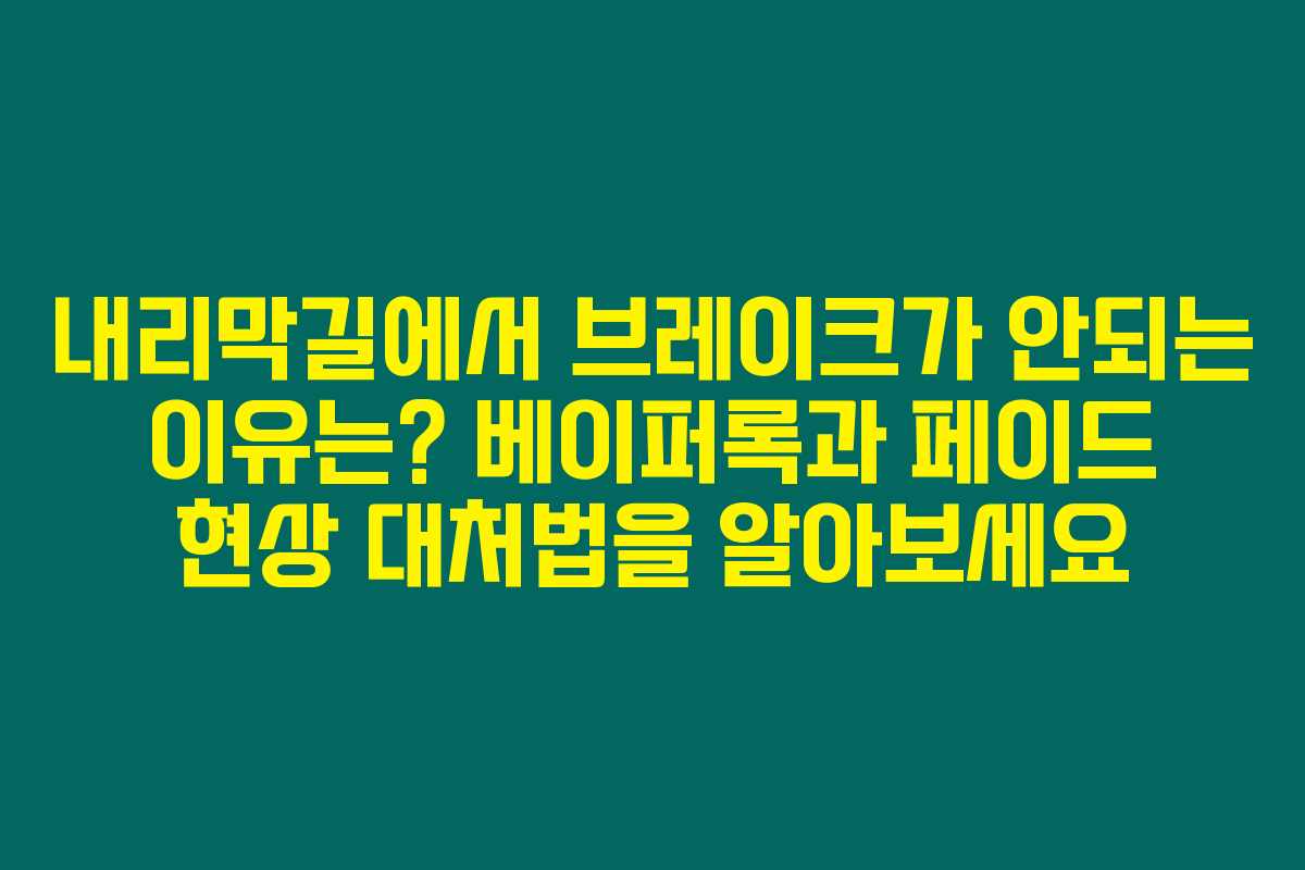 해결책을 찾아보니, 내리막길에서 브레이크가 작동하지 않는 주된 원인으로는 베이퍼록과 페이드 현상을 들 수 있더라고요. 이러한 현상들은 브레이크를 지나치게 자주 사용하거나 고온에서 장시간 주행이 원인으로 작용해요.
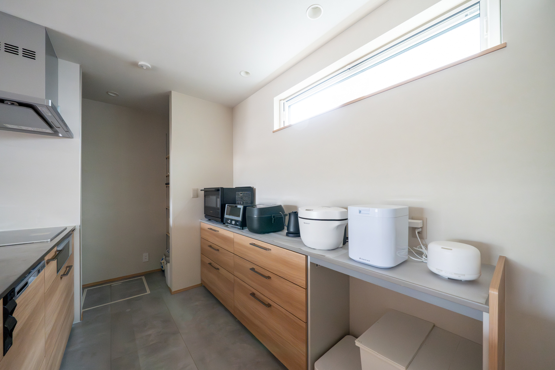 - 幅広カップボード通路で家族3人並んで調理が可能
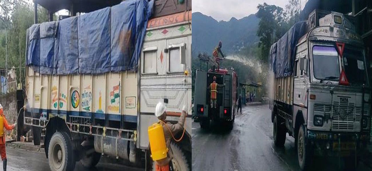 Photo News Kohima core committee for Essential Commodities sanitizing the essential commodity trucks with disinfectants Apr 22 2020
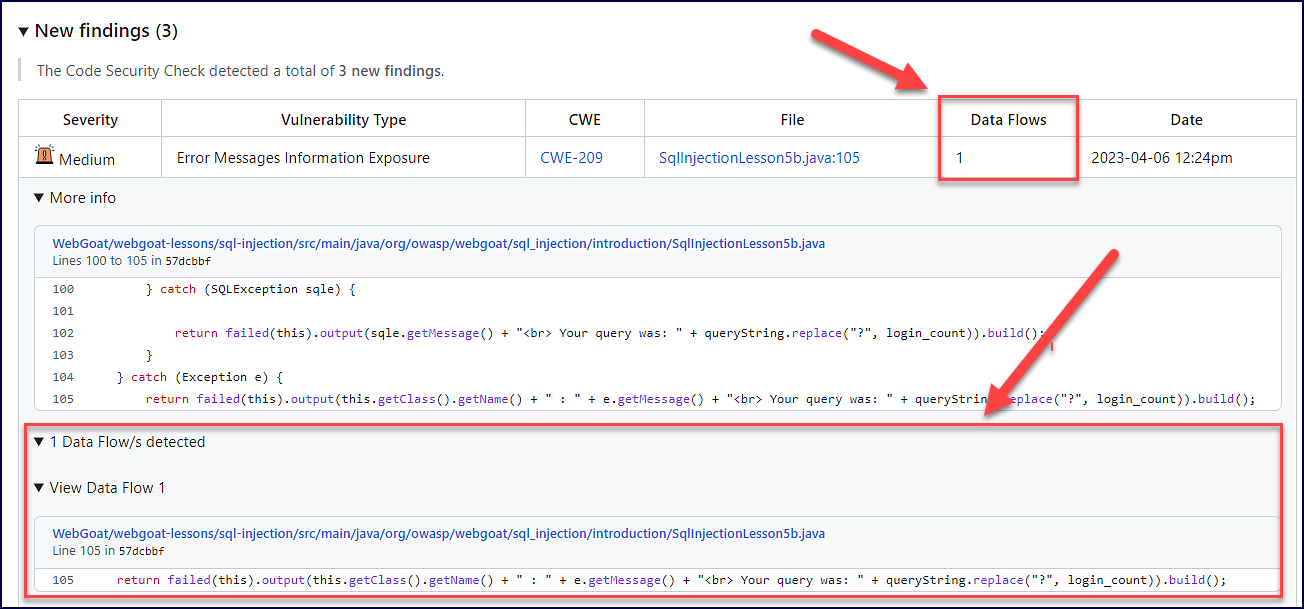 A “Data Flows” column and data flow information are now visible in the “Code Security Report” Issue Most Relevant Findings section:
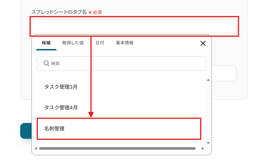 4. 「スプレッドシートのタブ名」に、対象となるスプレッドシートのタブ(シート)を設定します。 入力欄をクリックすると、先ほど「スプレッドシートID」に設定したシートのタブが候補として表示されるため、対象となるタブを選択してください。
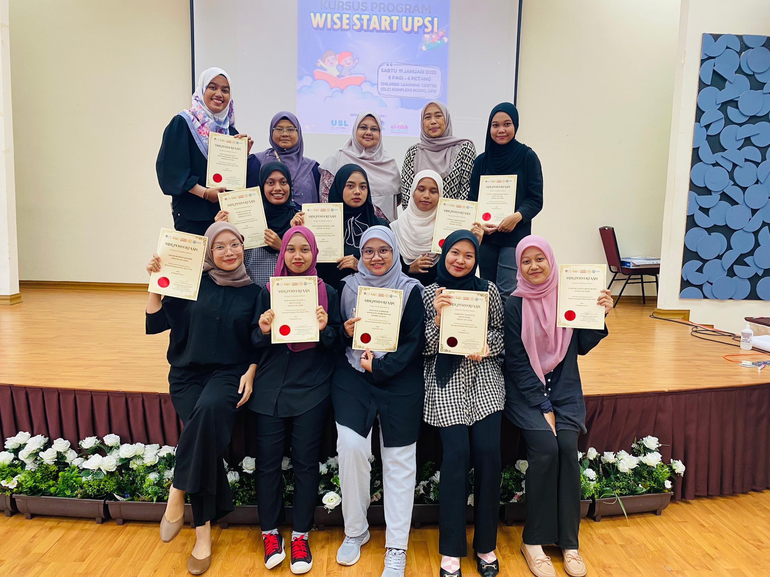 Pusat Penyelidikan Perkembangan Kanak-Kanak Negara (NCDRC), Universiti Pendidikan Sultan Idris (UPSI) menganjurkan kursus istimewa Wise Start@UPSI, sebuah inisiatif inovatif yang dirangka untuk 14 orang pelajar Semester 5 dan 7 dari Program Ijazah Sarjana Muda Pendidikan Awal Kanak-kanak. Kursus ini bertujuan melahirkan bakal usahawan taska dan tadika yang kompeten, berwawasan, dan mampu menyediakan perkhidmatan pendidikan awal kanak-kanak berkualiti tinggi.
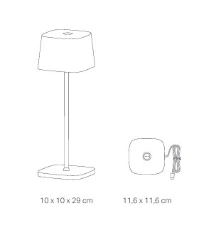 De stijlvolle tafellamp is een uitstekende keuze voor verlichting in zowel de woonkamer als op het terras en kan tot 9 uur branden op volle sterkte. Hij wordt opgeladen op de meegeleverde laadbasis. Een volledige oplading duurt ongeveer 6 uur en moet binnenshuis plaatsvinden.
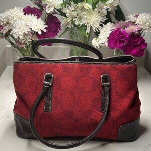 🔥🔥Coach Red Wool & Leather #F1J-7721 Tote/Shoulder Bag EUC

**What you are asked to do:**
Pictures do not go in the copy; print every entry exactly as it stands.

**Reply:**
 해결책을 찾아보니, 내리막길에서 브레이크가 작동하지 않는 주된 원인으로는 베이퍼록과 페이드 현상을 들 수 있더라고요. 이러한 현상들은 브레이크를 지나치게 자주 사용하거나 고온에서 장시간 주행이 원인으로 작용해요.
 - 幅広カップボード通路で家族3人並んで調理が可能
 Photo News Kohima core committee for Essential Commodities sanitizing the essential commodity trucks with disinfectants Apr 22 2020
 A “Data Flows” column and data flow information are now visible in the “Code Security Report” Issue Most Relevant Findings section:
 4. 「スプレッドシートのタブ名」に、対象となるスプレッドシートのタブ(シート)を設定します。 入力欄をクリックすると、先ほど「スプレッドシートID」に設定したシートのタブが候補として表示されるため、対象となるタブを選択してください。
 Pusat Penyelidikan Perkembangan Kanak-Kanak Negara (NCDRC), Universiti Pendidikan Sultan Idris (UPSI) menganjurkan kursus istimewa Wise Start@UPSI, sebuah inisiatif inovatif yang dirangka untuk 14 orang pelajar Semester 5 dan 7 dari Program Ijazah Sarjana Muda Pendidikan Awal Kanak-kanak. Kursus ini bertujuan melahirkan bakal usahawan taska dan tadika yang kompeten, berwawasan, dan mampu menyediakan perkhidmatan pendidikan awal kanak-kanak berkualiti tinggi.
 De stijlvolle tafellamp is een uitstekende keuze voor verlichting in zowel de woonkamer als op het terras en kan tot 9 uur branden op volle sterkte. Hij wordt opgeladen op de meegeleverde laadbasis. Een volledige oplading duurt ongeveer 6 uur en moet binnenshuis plaatsvinden.
 🔥🔥Coach Red Wool & Leather #F1J-7721 Tote/Shoulder Bag EUC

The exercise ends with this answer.